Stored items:
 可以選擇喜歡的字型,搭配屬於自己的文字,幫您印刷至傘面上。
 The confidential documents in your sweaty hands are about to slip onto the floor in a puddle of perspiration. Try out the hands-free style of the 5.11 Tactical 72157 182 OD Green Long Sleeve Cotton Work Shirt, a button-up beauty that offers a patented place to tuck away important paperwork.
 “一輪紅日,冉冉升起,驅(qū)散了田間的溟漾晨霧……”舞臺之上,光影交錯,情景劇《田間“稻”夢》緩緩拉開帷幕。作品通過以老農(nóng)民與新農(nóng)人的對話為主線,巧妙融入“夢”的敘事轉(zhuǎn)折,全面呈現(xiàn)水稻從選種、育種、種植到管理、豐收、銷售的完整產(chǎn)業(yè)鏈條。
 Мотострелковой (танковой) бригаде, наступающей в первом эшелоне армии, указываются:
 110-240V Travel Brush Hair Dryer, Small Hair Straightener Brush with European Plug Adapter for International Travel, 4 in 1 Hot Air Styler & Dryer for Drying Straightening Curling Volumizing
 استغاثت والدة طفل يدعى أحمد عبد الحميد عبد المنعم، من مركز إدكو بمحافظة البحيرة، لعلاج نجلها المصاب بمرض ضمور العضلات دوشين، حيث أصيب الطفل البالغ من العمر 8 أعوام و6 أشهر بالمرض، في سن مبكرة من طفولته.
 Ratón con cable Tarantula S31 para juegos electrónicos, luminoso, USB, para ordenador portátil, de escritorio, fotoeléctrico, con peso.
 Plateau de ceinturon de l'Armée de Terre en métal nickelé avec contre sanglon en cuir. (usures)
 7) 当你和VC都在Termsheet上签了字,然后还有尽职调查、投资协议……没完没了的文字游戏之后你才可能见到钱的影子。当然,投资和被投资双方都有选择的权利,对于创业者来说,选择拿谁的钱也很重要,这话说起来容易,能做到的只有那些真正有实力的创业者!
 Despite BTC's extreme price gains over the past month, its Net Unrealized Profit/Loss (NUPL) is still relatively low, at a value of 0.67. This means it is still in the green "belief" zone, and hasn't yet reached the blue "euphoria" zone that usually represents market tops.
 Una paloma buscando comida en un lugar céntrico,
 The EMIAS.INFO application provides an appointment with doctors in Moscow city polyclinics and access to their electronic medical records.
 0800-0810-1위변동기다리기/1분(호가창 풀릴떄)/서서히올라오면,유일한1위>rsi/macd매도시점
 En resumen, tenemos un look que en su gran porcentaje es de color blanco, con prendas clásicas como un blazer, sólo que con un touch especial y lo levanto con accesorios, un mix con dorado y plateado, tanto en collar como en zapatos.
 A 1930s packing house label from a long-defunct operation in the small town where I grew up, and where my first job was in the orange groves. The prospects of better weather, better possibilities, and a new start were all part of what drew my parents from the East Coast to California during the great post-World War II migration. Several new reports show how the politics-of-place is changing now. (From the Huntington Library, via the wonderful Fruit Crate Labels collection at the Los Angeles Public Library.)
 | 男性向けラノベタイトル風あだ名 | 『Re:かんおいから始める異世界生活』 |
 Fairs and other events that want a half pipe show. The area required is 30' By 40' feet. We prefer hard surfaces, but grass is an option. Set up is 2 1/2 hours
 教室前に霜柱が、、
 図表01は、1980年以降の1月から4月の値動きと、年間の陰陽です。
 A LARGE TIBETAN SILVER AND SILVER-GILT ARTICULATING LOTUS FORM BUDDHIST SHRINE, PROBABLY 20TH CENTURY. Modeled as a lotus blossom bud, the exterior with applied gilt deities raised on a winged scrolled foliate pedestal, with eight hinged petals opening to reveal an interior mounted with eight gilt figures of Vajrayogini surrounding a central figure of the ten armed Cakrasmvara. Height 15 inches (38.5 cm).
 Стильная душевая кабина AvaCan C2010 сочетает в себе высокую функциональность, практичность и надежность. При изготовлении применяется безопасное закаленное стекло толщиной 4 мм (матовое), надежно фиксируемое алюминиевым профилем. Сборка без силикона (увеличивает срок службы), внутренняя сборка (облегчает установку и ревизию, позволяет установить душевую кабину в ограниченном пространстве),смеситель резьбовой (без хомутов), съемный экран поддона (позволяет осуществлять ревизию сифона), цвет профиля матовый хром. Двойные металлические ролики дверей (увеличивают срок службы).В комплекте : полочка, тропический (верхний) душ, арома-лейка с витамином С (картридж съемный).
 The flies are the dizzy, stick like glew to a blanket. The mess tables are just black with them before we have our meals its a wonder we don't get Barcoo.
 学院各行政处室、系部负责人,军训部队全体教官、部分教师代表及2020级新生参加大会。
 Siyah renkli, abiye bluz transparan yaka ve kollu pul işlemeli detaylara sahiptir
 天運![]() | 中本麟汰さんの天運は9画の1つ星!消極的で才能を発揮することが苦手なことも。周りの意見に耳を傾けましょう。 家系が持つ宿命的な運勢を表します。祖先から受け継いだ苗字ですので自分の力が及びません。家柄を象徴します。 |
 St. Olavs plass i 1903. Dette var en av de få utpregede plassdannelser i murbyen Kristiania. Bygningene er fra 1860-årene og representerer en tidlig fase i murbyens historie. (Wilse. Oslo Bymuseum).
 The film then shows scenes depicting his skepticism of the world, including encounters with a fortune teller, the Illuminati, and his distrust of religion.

◆ **WHAT YOU NEED TO DO**
From the entries above, return exactly the line containing "Ratón con cable", the line containing "7) 当你和VC都在Term", and all lines between, and nothing else.

◆ **EXERCISE ANSWER**
 Ratón con cable Tarantula S31 para juegos electrónicos, luminoso, USB, para ordenador portátil, de escritorio, fotoeléctrico, con peso.
 Plateau de ceinturon de l'Armée de Terre en métal nickelé avec contre sanglon en cuir. (usures)
 7) 当你和VC都在Termsheet上签了字,然后还有尽职调查、投资协议……没完没了的文字游戏之后你才可能见到钱的影子。当然,投资和被投资双方都有选择的权利,对于创业者来说,选择拿谁的钱也很重要,这话说起来容易,能做到的只有那些真正有实力的创业者!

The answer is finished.